### DATASET RECORDS
Start of Block

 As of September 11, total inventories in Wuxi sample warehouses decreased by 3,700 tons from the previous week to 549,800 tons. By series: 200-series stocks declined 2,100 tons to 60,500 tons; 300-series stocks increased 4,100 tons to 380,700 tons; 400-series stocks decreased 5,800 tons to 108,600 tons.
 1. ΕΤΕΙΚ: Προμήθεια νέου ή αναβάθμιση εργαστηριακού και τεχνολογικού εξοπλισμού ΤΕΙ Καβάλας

End of Block
Start of Block

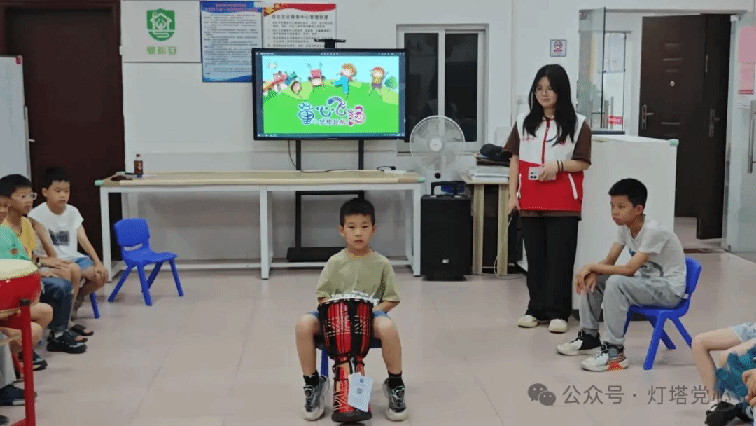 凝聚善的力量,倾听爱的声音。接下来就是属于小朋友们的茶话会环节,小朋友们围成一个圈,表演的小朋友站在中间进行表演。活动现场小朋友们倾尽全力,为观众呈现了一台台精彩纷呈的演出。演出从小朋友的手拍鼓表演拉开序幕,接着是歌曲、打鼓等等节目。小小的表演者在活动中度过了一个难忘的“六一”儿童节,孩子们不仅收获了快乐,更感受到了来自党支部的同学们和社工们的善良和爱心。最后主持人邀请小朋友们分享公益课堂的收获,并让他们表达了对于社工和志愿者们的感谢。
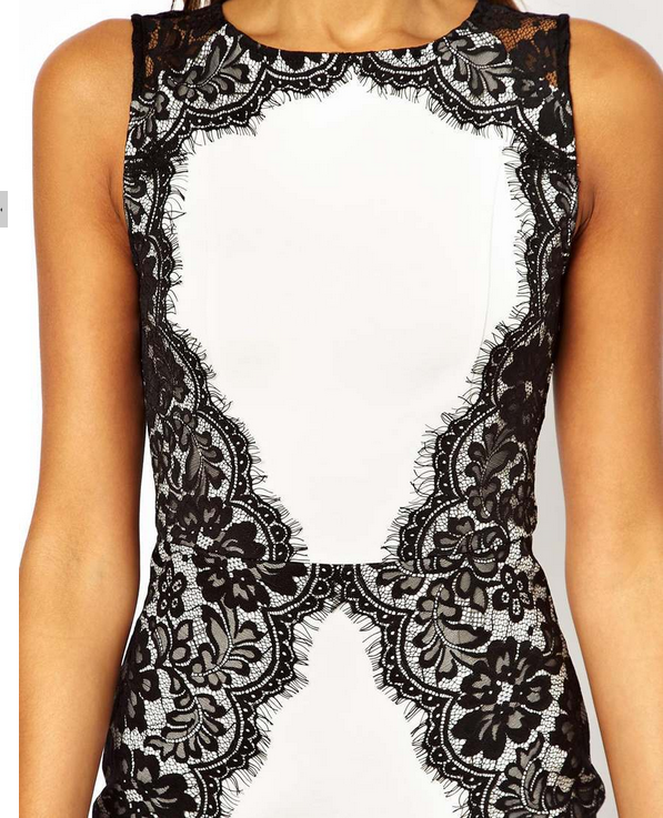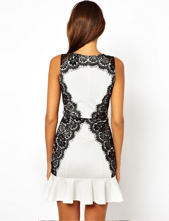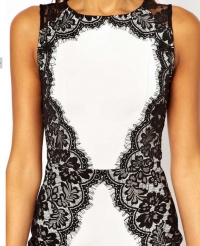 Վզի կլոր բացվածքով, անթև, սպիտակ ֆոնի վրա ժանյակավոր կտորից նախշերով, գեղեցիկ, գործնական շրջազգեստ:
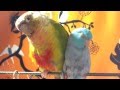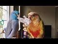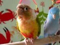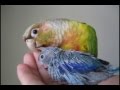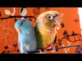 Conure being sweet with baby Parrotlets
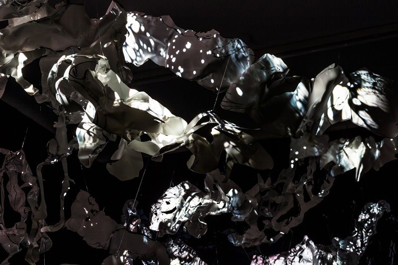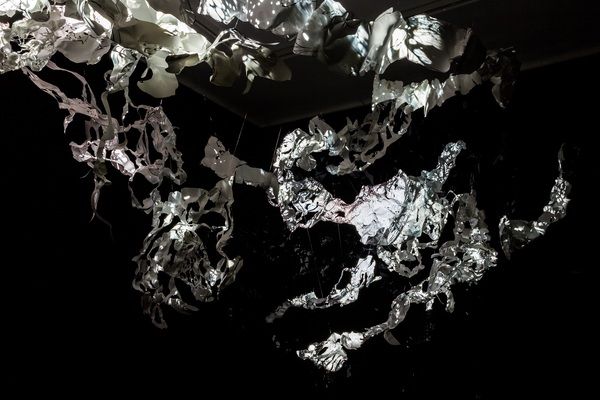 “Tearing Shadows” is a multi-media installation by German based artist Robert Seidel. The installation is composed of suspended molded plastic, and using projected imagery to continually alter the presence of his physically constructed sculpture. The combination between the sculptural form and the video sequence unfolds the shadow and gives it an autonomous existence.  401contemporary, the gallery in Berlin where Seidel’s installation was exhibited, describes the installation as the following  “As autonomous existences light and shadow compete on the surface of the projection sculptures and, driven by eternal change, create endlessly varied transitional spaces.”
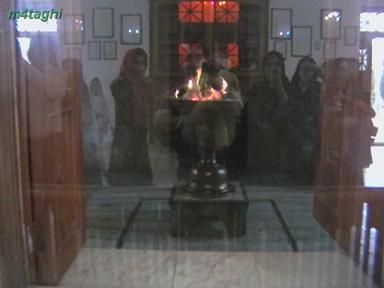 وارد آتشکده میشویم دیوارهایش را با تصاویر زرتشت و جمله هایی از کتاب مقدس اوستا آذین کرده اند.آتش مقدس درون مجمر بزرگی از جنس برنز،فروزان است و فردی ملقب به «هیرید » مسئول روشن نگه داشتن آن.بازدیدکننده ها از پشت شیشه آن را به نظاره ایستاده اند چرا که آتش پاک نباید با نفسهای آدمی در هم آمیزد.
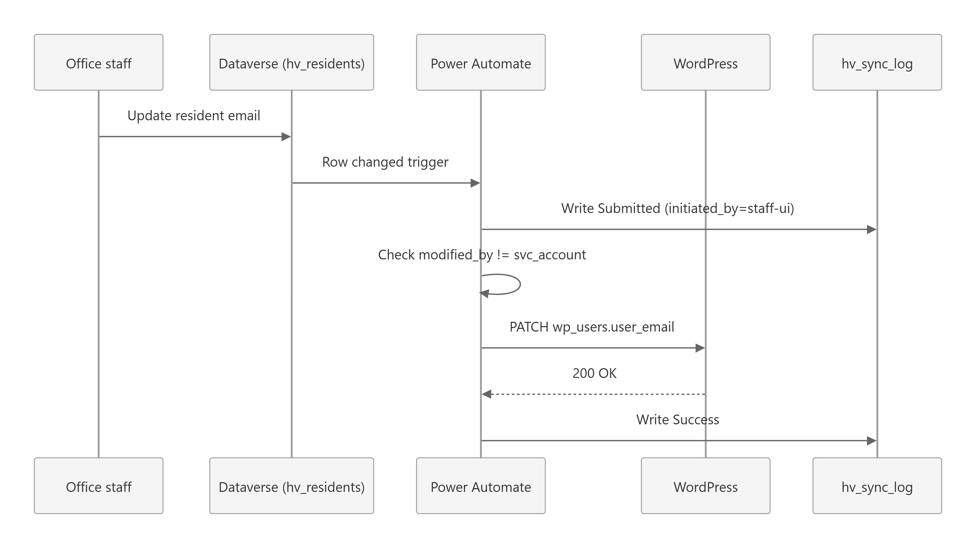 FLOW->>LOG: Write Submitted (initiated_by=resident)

End of Block
Start of Block

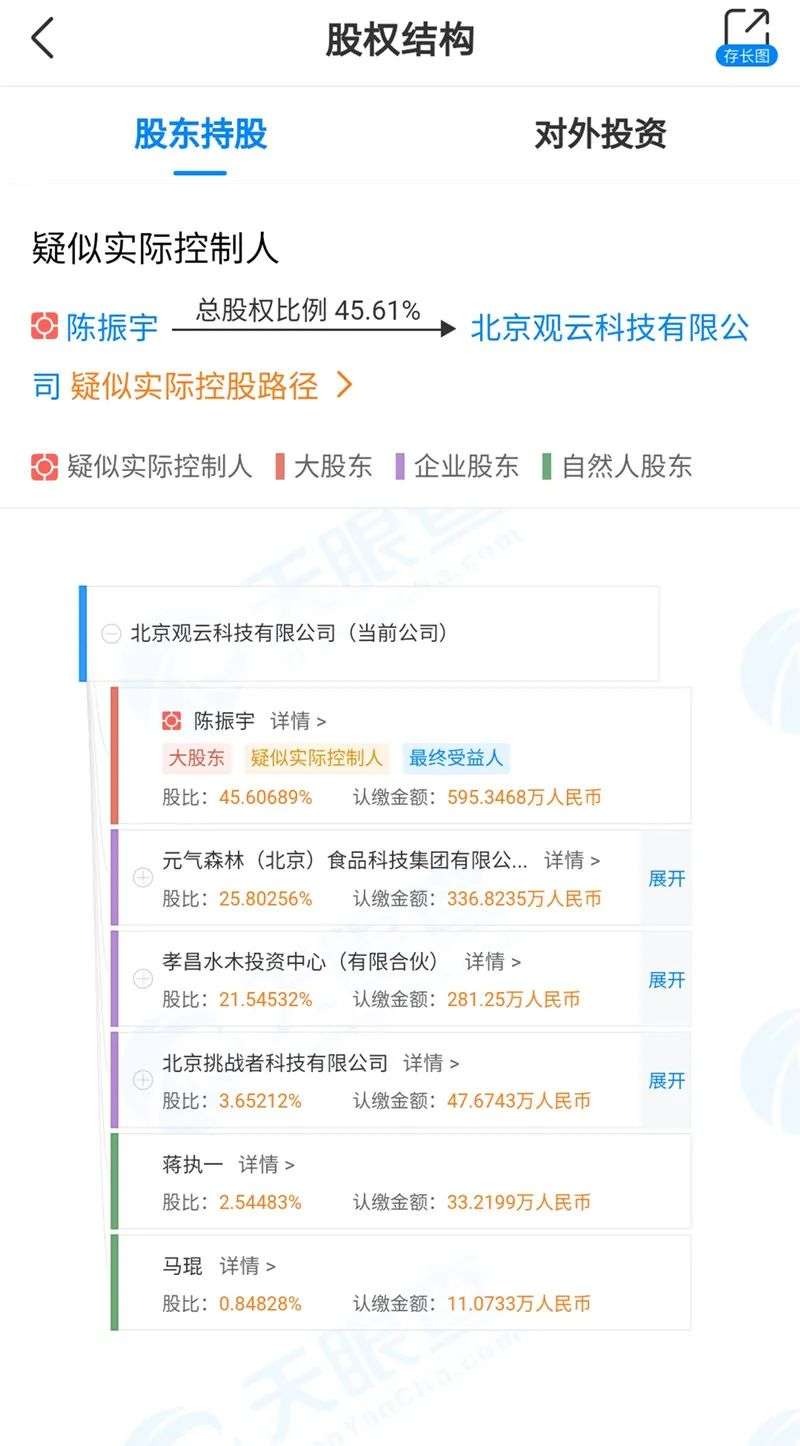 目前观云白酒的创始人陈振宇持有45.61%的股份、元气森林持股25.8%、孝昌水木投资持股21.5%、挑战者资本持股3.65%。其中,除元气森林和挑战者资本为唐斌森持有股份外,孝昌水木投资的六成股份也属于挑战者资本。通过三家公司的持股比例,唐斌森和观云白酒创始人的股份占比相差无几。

End of Block

### TASK REQUIREMENTS
From the data above, return exactly the lines from the one with "Conure being sweet with baby Parrotlets" up to and including the one with "FLOW->>LOG: Write Submitted". Pictures do not go in the copy.

### EXERCISE ANSWER
 Conure being sweet with baby Parrotlets
 “Tearing Shadows” is a multi-media installation by German based artist Robert Seidel. The installation is composed of suspended molded plastic, and using projected imagery to continually alter the presence of his physically constructed sculpture. The combination between the sculptural form and the video sequence unfolds the shadow and gives it an autonomous existence.  401contemporary, the gallery in Berlin where Seidel’s installation was exhibited, describes the installation as the following  “As autonomous existences light and shadow compete on the surface of the projection sculptures and, driven by eternal change, create endlessly varied transitional spaces.”
 وارد آتشکده میشویم دیوارهایش را با تصاویر زرتشت و جمله هایی از کتاب مقدس اوستا آذین کرده اند.آتش مقدس درون مجمر بزرگی از جنس برنز،فروزان است و فردی ملقب به «هیرید » مسئول روشن نگه داشتن آن.بازدیدکننده ها از پشت شیشه آن را به نظاره ایستاده اند چرا که آتش پاک نباید با نفسهای آدمی در هم آمیزد.
 FLOW->>LOG: Write Submitted (initiated_by=resident)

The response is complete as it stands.